Ortak Muhalefet alanı yaptığı açıklamada TC Devleti’nin Ermeni halkından özür dilmesi gerektiğini vurguladı. Açıklama şöyle:
Egemen sınıfların kendi uluslarından emekçi sınıflar yanında diğer azınlık uluslar üzerinde de baskı ve sömürüsüne dayanan kapitalizm ve öncesindeki sınıflı toplumlar tarihi, sayısız katliamlara ve soykırımlara tanıklık etmiştir.
Yirminci yüzyılın ilk soykırımı olan Ermeni Soykırımı 1915’te yaşanmıştır. Osmanlı Devleti’nin İttihat ve Terakki güçleri Anadolu’nun her yanındaki Ermeni Halkı yerlerinden sökerek kimilerini hemen, kimilerini ise sürgünde katletmiştir. Bu soykırımda 1 milyonun üzerinde Anadolu Ermeni’si katledilmiştir. Katledilen, sürgüne gönderilen Ermenilerin malları, mülkleri talan edilmiş, el konularak Türklere, Müslümanlara dağıtılmıştır.
Günümüzde Türkiye Devletinin Ermeni soykırımını “1915 olayları” diyerek örtbas etmeye çalışması artık mümkün değildir. Gerek tarihsel belgeler, gerekse tanıkların ifadeleri yaşanan kanlı dramı, işlenen insanlık suçunu tüm boyutlarıyla ortaya koymaktadır.
Ermenilerin maruz kaldığı kıyım, ne yazık ki, Anadolu coğrafyasında yaşayan halklara karşı yürütülen tek devlet katliamı değildir. Planlı olarak ve organize bir şekilde devlet eliyle yürütülen yok etme politikaları sonucunda Ermeniler, Rumlar, Süryaniler ve diğer birçok azınlık tükenme noktasına getirilmiş, Kürtler ve Aleviler her dönemde devletin zulmüne ve asimilasyon uygulamalarına maruz bırakılmıştır.

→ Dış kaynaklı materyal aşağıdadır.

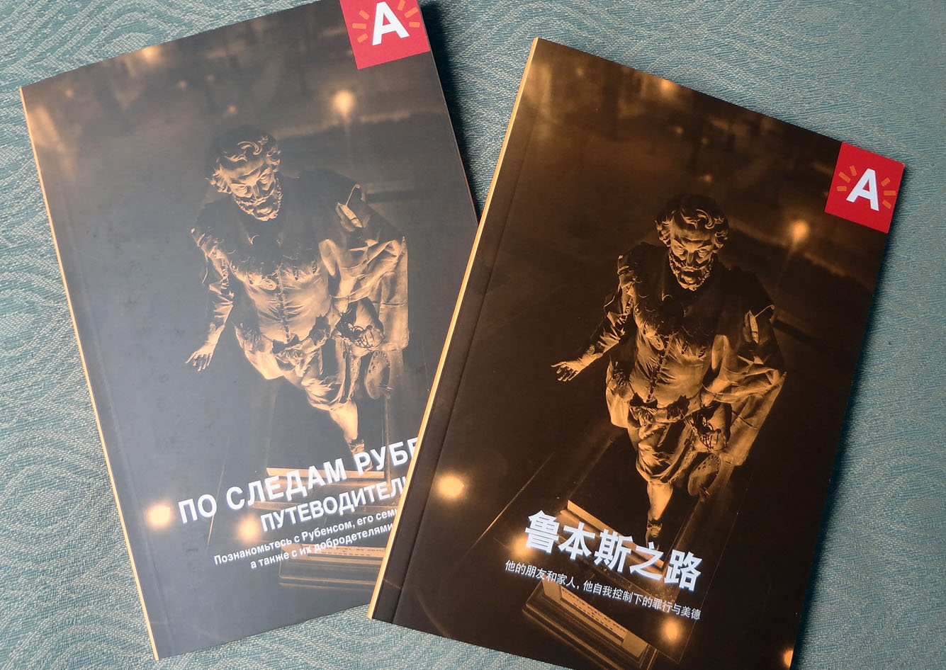 Russische en Chinese toeristen in Antwerpen kunnen nu onze woorden over Rubens lezen. En ik bestudeer het colofon om mijn naam in Chinese karakters en Cyrillisch schrift te zien. Misschien reist zo’n boekje in een koffer mee naar het verre noorden en oosten – nieuwe avonturen voor onze held!

Dersim’de gerçekleştirilen soykırım, 6-7 Eylül olaylarında İstanbul’da Rum ve Ermenilere yapılan devlet saldırıları hep aynı faşizan anlayışın ürünüdür. Kıbrıslı Türklerin günümüzde yaşamakta oldukları asimilasyon hedefli Türkleştirme ve Sünni Müslümanlaştırma politikaları da aynı anlayışın günümüze uyarlanmış modelidir.
Ermeni soykırımının Dünya’da yaşanan benzer katliam ve soykırımlardan hiçbir farkı yoktur. Ancak bugüne dek gerçekleştirilen diğer soykırımlar, bu suçu işleyen ulusların utancına dönüşmüş ve sonraki yıllarda yetkililerin katledilen, yok edilmeye çalışılan halklardan özür dilemek zorunda kalmasına yol açmıştır. Naziler Yahudi Soykırımını gerçekleştirmişler, fakat on yıllar sonra Almanya Başbakanı Willy Brandt Yahudi halkından özür dilemiştir. Yine Kanada Başbakanı, yapılan katliamlardan dolayı Kanada yerli halklarında özür dilemiştir. Aynı özrü Avustralya Yönetimi de Aborjinlere karsı yürütülen katliamlar için yapmıştır. Fransa, Cezayir halkından benzer şekilde özür dilemiştir.
Türkiye Devleti artık farklı etnik kökene sahip insanlara yönelik bu çağ dışı politikalarına son vermelidir. Bugün, hemen şimdi, Ermeni Soykırımını kabul etmeli ve tüm Ermenilerden özür dilemelidir. 24 Nisan bir fırsattır. Dünya’da Ermeni Soykırımının anıldığı bu günde inkârcılığa son verilmelidir.
İnanıyoruz ki, er veya geç, insanlık kapitalizmi aşarak, ulusların kardeşliğine ve dayanışmasına dayalı, sömürünün ortadan kaldırıldığı bir düzeni tüm dünyada kuracaktır.